Owning a events business is a great opportunity for entrepreneurs who are both creative and practical, as although there is a lot of planning and organising involved, there is also a chance to create a unique experience for your clients and event attendees.
Facts and figures
- 35% of the UK visitor economy stems from events
- The UK events industry is worth £42.3 billion in terms of direct spend by event delegates, attendees and organisers
- Spending by those accompanying attendees at business events is worth an additional £7.7 billion
- The country’s top 10 event agencies turnover more than £3.5 billion
There is a constant stream of emerging trends in the events world, with technology developments advancing the way we connect and network at events.
The UK’s outdoor events sector has also seen huge growth recently, with an average annual increase of more than 1.64 million adults attending outdoor events in the UK.
The environment, music, food and even the use of unnecessary plastic are set to change and evolve to provide a unique, fresh and different event experience.
To break into the industry, you should have
Gaining work experience within an events company is beneficial and attending a course to gain some extra credentials before you commit to buying a business can offer some very valuable insights into the industry.
Gaining experience will also help you to discover what type of events you prefer running; organising a business conference is very different to being a wedding planner, although you will need similar skills, you are dealing with a completely different type of client and event.
Knowing the right people and maintaining good relationships is essential. Networking and socialising should be skills that come second nature to you and you should also be social media savvy, to keep in touch with your contacts and to always be meeting new suppliers, venues or potential clients.

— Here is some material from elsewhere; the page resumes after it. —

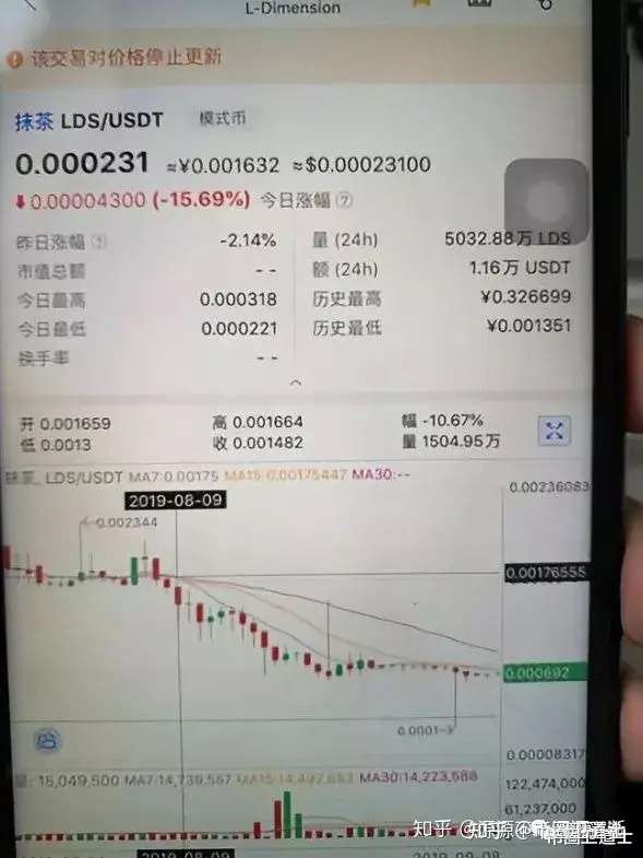 2020年6月11日抹茶上线的LDS价格是4分,一直涨到1毛。谁料,7月11日LDS在上线一个月后的那天夜里,抹茶将LDS砸盘至归零最后下架!

As an events planner, you will need to be organised to a tee, enjoy making lists and planning all aspects of an event.
You should thrive under pressure and be able to handle stressful situations with ease; arranging an event and bringing different services together is no mean feat, you may need to consider hiring a team if you’re struggling to manage the workflow by yourself.
If you’re hiring and managing a team, you need to be able to delegate responsibilities efficiently and know how to utilise employees’ strengths within your business.

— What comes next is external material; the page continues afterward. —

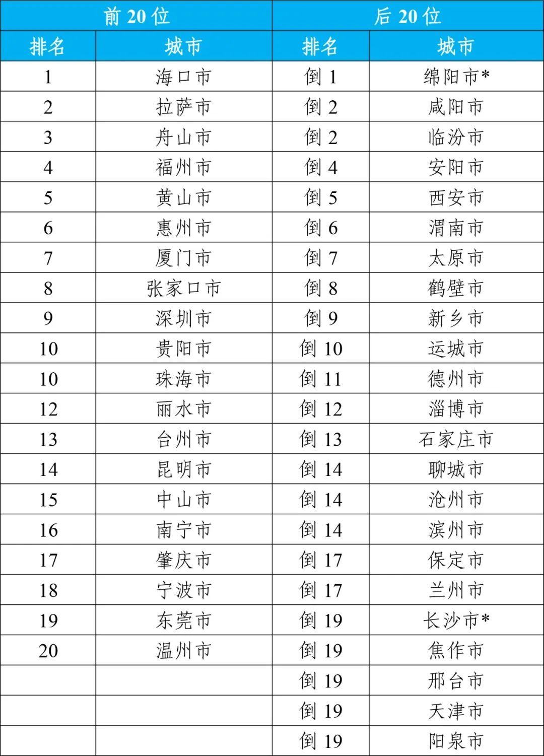 全国168个重点城市中:空气质量排名前20位城市依次是海口、拉萨和舟山等城市(从第1名至第20名);空气质量排名后20位城市依次是绵阳、咸阳和临汾等城市(从倒数第1名至并列倒数第19名)。空气质量变化排名前20位城市依次是漯河、驻马店和鹤壁等城市(从第1名至并列第20名);空气质量变化排名后20位城市依次是绵阳、长沙和南充等城市(从倒数第1名至倒数第20名)。其中,绵阳市科技城新区的高新区自来水公司站点4月和5月、长沙市开福区的伍家岭站点6月受到严重人为干扰,对所在城市当月六项污染物浓度进行了最大值替代处理。

Trying to spread yourself too thin and take care of everything yourself isn’t feasible in the long run, you’ll burn yourself out and your events will suffer because of it.
Communication and negotiating are also key skills within the industry; as an event organiser, you will be talking to a variety of people, from the clients to brand sponsors, so you need to convey information regularly, confidently, clearly and concisely.

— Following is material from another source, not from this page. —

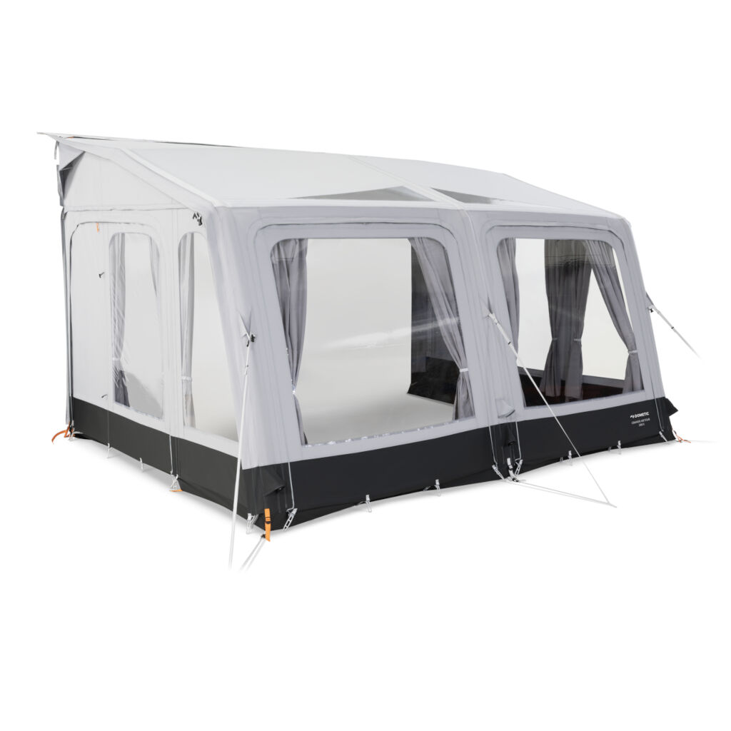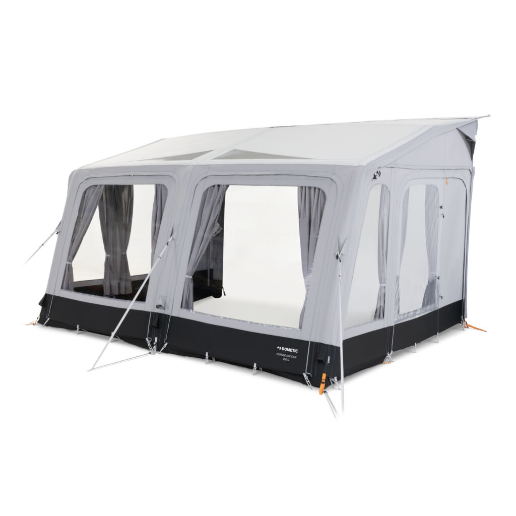 Dometic Grande Air Tour 390 (formerly Kampa Grande 390) is a very bright and spacious air awning with a depth of 300 cm. The depth in combination with angled air ducts and large windows provides fantastic comfort during the camping holiday. In addition, it is really fast to pitch. Attach the tent fabric to the tent rail on the caravan or to the rail on the motorhome awning, pump up the channels integrated in the tent fabric and attach the seal to the caravan / motorhome in the ground so the tent is ready. Quickly simple and convenient.

You need to be a good listener too as this will help you understand exactly what your client wants and what their vision is.
No matter how well-organised an event may be, you are bound to come across unforeseen challenges; a successful event planner should be able to think on their feet and stay calm in these situations.
Successful event planners also have a good eye for detail, as it’s often the little extras that make an event unique.
Buying an existing event business
There are a number of different event-based businesses you can find on the market, from catering companies to wedding venues, each type of business proposition will have a specific checklist of what to look out for.
For example, if you’re looking at a specific venue for sale, consider what the overheads and
operational costs are, and inspect the building to see if it needs renovation work.
Also consider the reputation of the business, not only within the area but also in the events industry itself; if a business has a bad name then it’s likely other companies may not be willing to work with them.
You should calculate the costs involved in remarketing and rebranding a failing business and factor in these expenses before you make an offer.
You must review the accounts from the last three years of any business for sale and establish whether you will be taking over any repeat contracts.
It is also a good idea to shadow the business owner for a few weeks to establish how the employees work together and what aspects of the business need improving.